**Exercise brief:**
Without the pictures, set down every record below exactly as it reads.

Extracted data entries

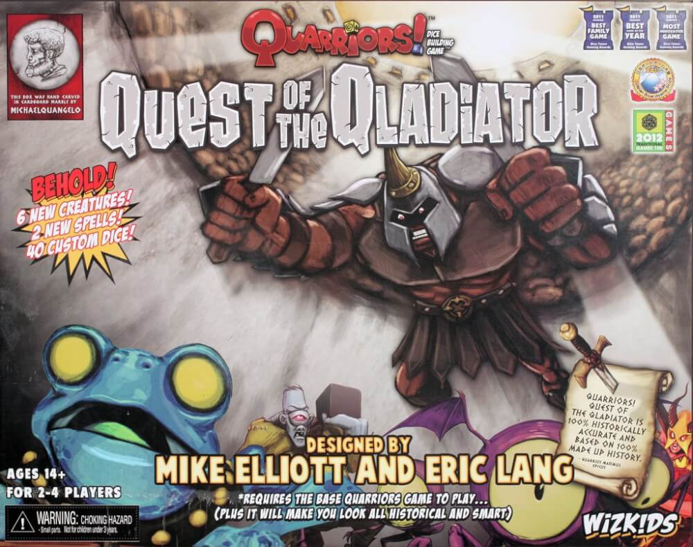 A editora responsável pela distribuição do Quarriors! Quest of the Qladiator (2012) foi a WizKids Games, Arclight no ano de 2012.
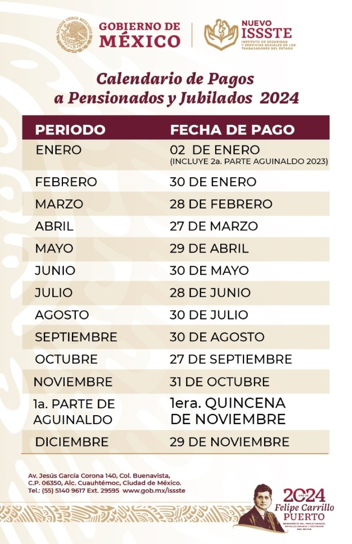 ¡Buenas noticias para los pensionados del Instituto de Seguridad y Servicios Sociales de los Trabajadores del Estado (ISSSTE)! El pago correspondiente al mes de septiembre está por caer. Es importante recordar que el ISSSTE efectúa el depósito unos días antes del mes previo a la fecha correspondiente. Es decir; el pago de febrero se realiza en enero, el de marzo en febrero, etc., esto con el propósito de que los pensionados tengan con anticipación su dinero para el mes entrante.De acuerdo con el calendario oficial de Pagos a Pensionados y Jubilados 2024 del ISSSTE, el depósito correspondiente al mes de septiembre caerá mañana, viernes 30 de agosto.De modo que los beneficiarios de esta pensión podrán acudir a la sucursal bancaria de su agrado para poder retirar el efectivo del mes de septiembre. Quedarían cuatro pagos en lo que queda del año:FS
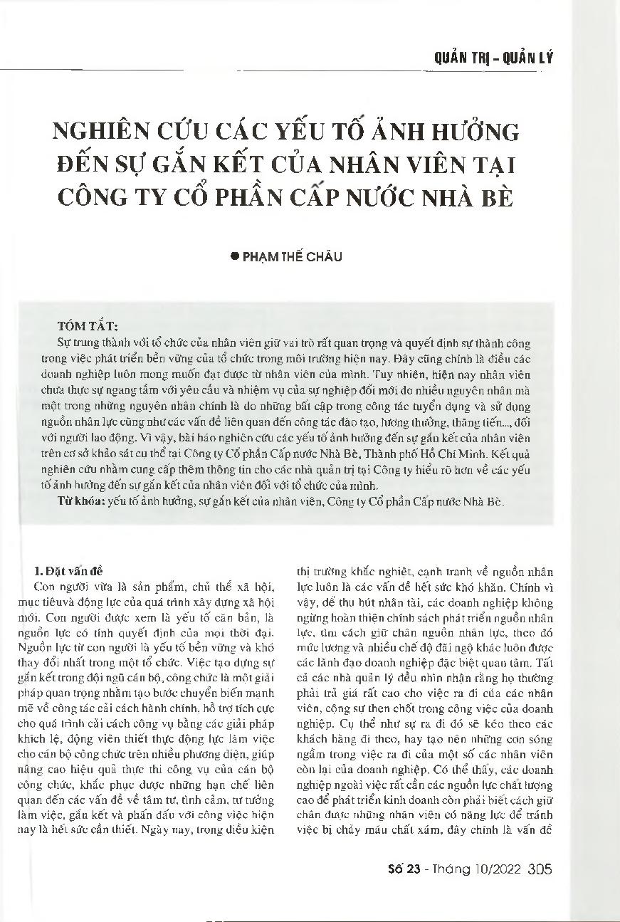 Nghiên cứu các yếu tố ảnh hưởng đến sự gắn kết của nhân viên tại công ty cổ phần Cấp nước Nhà Bè = Factors affecting the employee engagement at Nha Be Water Supply Joint stock Company
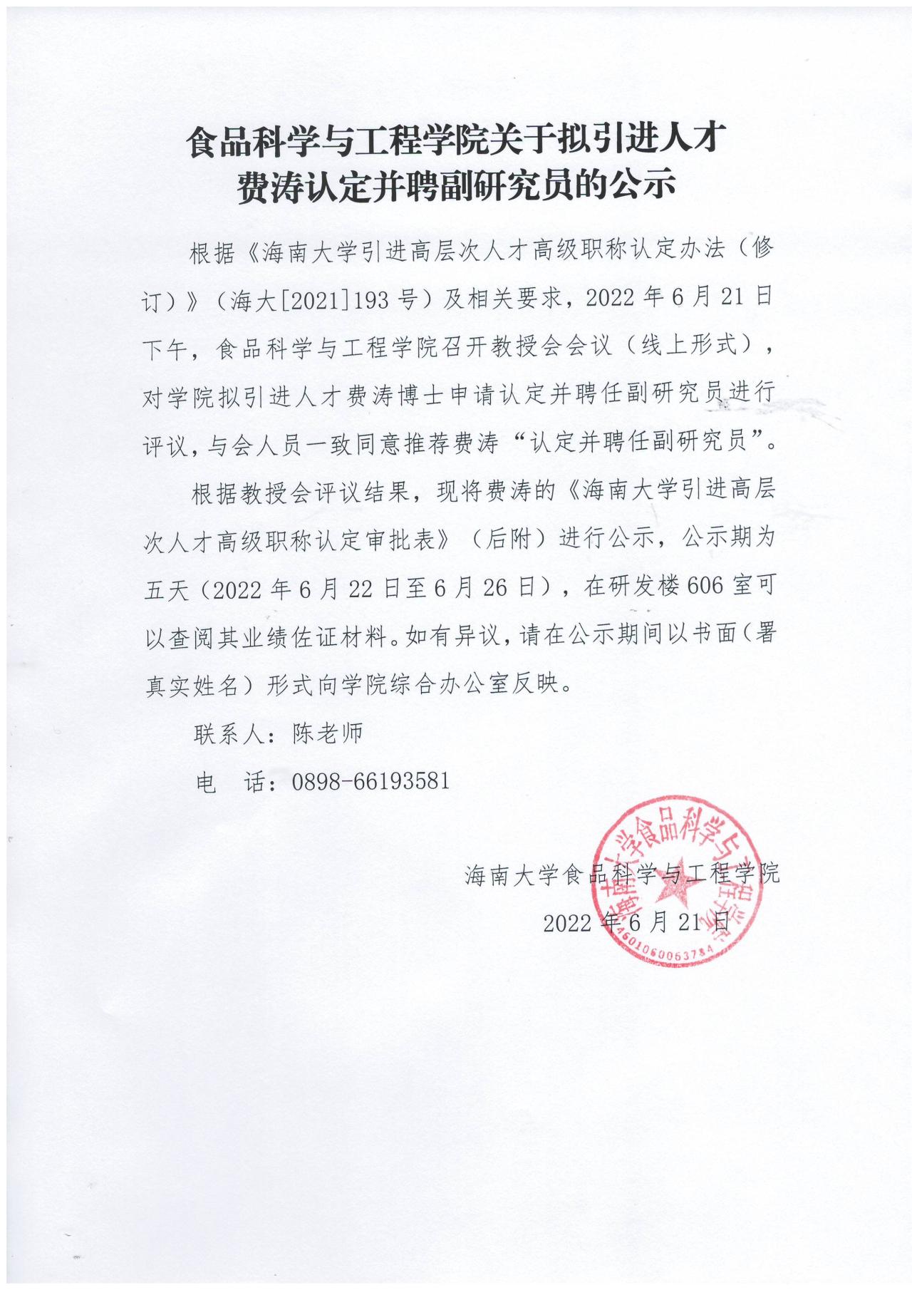 伟德国际1946官网关于拟引进人才费涛认定并聘副研究员公示
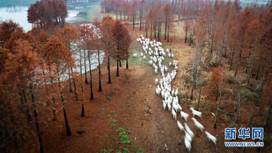 11月27日,牧歸的羊群行走在紅杉林中。
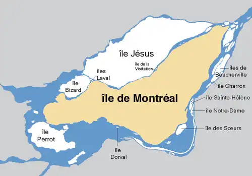 - ^ Although technically an island itself, Dorval Island is one of the 16 municipalities that makes up the island of Montreal.

**Written answer:**
 A editora responsável pela distribuição do Quarriors! Quest of the Qladiator (2012) foi a WizKids Games, Arclight no ano de 2012.
 ¡Buenas noticias para los pensionados del Instituto de Seguridad y Servicios Sociales de los Trabajadores del Estado (ISSSTE)! El pago correspondiente al mes de septiembre está por caer. Es importante recordar que el ISSSTE efectúa el depósito unos días antes del mes previo a la fecha correspondiente. Es decir; el pago de febrero se realiza en enero, el de marzo en febrero, etc., esto con el propósito de que los pensionados tengan con anticipación su dinero para el mes entrante.De acuerdo con el calendario oficial de Pagos a Pensionados y Jubilados 2024 del ISSSTE, el depósito correspondiente al mes de septiembre caerá mañana, viernes 30 de agosto.De modo que los beneficiarios de esta pensión podrán acudir a la sucursal bancaria de su agrado para poder retirar el efectivo del mes de septiembre. Quedarían cuatro pagos en lo que queda del año:FS
 Nghiên cứu các yếu tố ảnh hưởng đến sự gắn kết của nhân viên tại công ty cổ phần Cấp nước Nhà Bè = Factors affecting the employee engagement at Nha Be Water Supply Joint stock Company
 伟德国际1946官网关于拟引进人才费涛认定并聘副研究员公示
 11月27日,牧歸的羊群行走在紅杉林中。
 - ^ Although technically an island itself, Dorval Island is one of the 16 municipalities that makes up the island of Montreal.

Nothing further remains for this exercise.